An invasive macroalga alters ecosystem metabolism and hydrodynamics on a tidal flat

Invasive macroalgae represent a growing global concern, yet there has been little research detailing their effects on native ecosystem metabolism and flow hydrodynamics. In this in situ study, we made aquatic eddy covariance oxygen flux and profiling acoustic Doppler velocimetry measurements over high and low density sites within an invasive Gracilaria vermiculophylla (also referred to as Agarophyton vermiculophyllum) macroalgal mat located on a tidal flat along the Virginia (USA) coast. Mean +/- SE (n) submerged dark and light oxygen flux over the high density site were -178 +/- 9 (144) and 139 +/- 26 (104) mmol m(-2) d(-1), respectively, vs. -71 +/- 7 (45) and 32 +/- 15 (48) mmol m(-2) d(-1) over the low density site.

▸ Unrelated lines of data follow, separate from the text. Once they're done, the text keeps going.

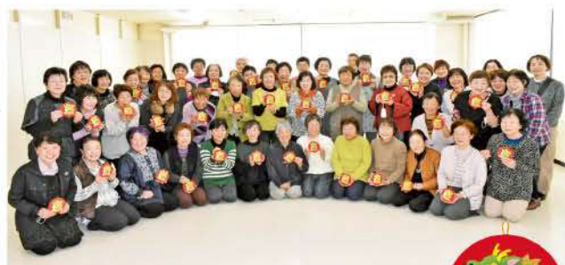
久しぶりの集合写真 みなさんの笑顔が輝いています

参加者は「なかなか会う機会もなく久しぶりにみなさんと会えてうれしい」「次は巳年。どんなデザインの押し絵になるか、今から楽しみ」と話していました。
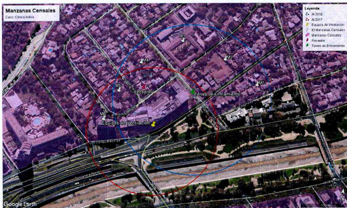
Ilustración 2 Manzanas censales identificadas dentro del Área de Influencia determinada para la fuente de ruido, "Clínica Indisa".

137. En consecuencia, de acuerdo a lo presentado en la tabla 6, el número de personas que se estimó como potencialmente afectadas por la fuente emisora, que habitan en el buffer identificado como AI, es de 331 personas.
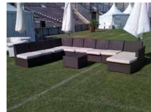
Structure osier gris 14 places - 470€
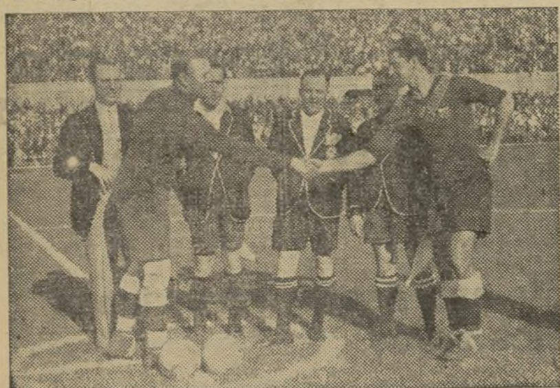
Valencia y Madrid, fueron representados por Zamora y Pasarín, dos nombres que van unidos en las páginas más brillantes del fútbol español

Todo lo cual se hace público para conocimiento de los ganaderos, criadores, recienadores, uarios y tratantes de ganado, o continuación a los anuncios insertados en el «Diario Oficial» este ministerio de 8 de Abril último, «Gaceta» y Prensa de Madrid, Mayo de 1934.
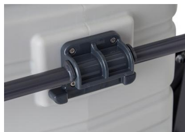
●タンク回転ブラケット
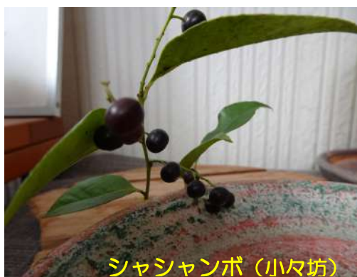
シャシャンボ (小々坊)
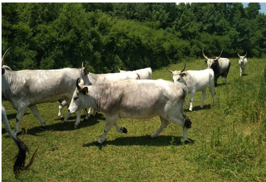
Slika 9. Stado na OPG-u Glavačević
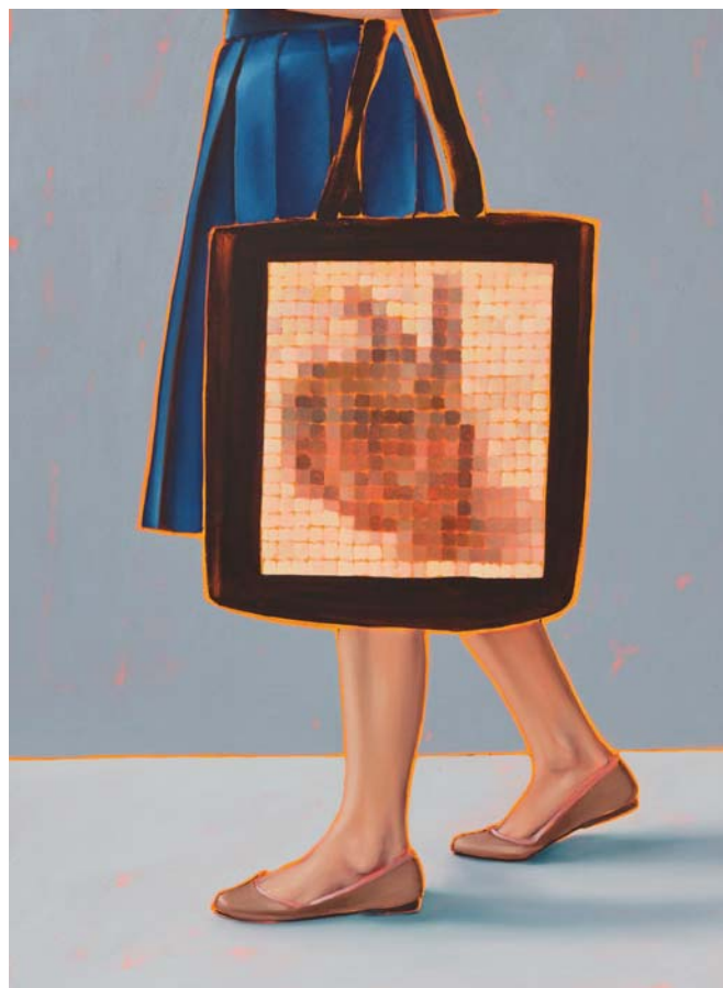
Arty farty Young hare Öl auf Leinwand 120 x 90 cm

The high density site was highly productive, with gross primary production of 169 +/- 12 mmol m(-2) d(-1) (mean +/- SE), yet maintained overall metabolic balance, as net ecosystem metabolism was -22 +/- 39 mmol m(-2) d(-1). Close agreement with literature values for air-exposed flux measurements suggests that our results are good first-order approximations of true daily values, demonstrating that this invasion has significantly enhanced tidal flat productivity. Flow and turbulence were significantly attenuated by Gracilaria, resulting in decreased bed shear stress within the algal canopy, likely stabilizing tidal flat sediments and inhibiting mass transport at the sediment-water interface. Turbulence above the canopy was enhanced, but there was no increase in downward momentum transfer. These changes to the hydrodynamic environment decrease the risk of detachment and subsequent advective loss of algae, suggesting a positive feedback that facilitates algal invasion.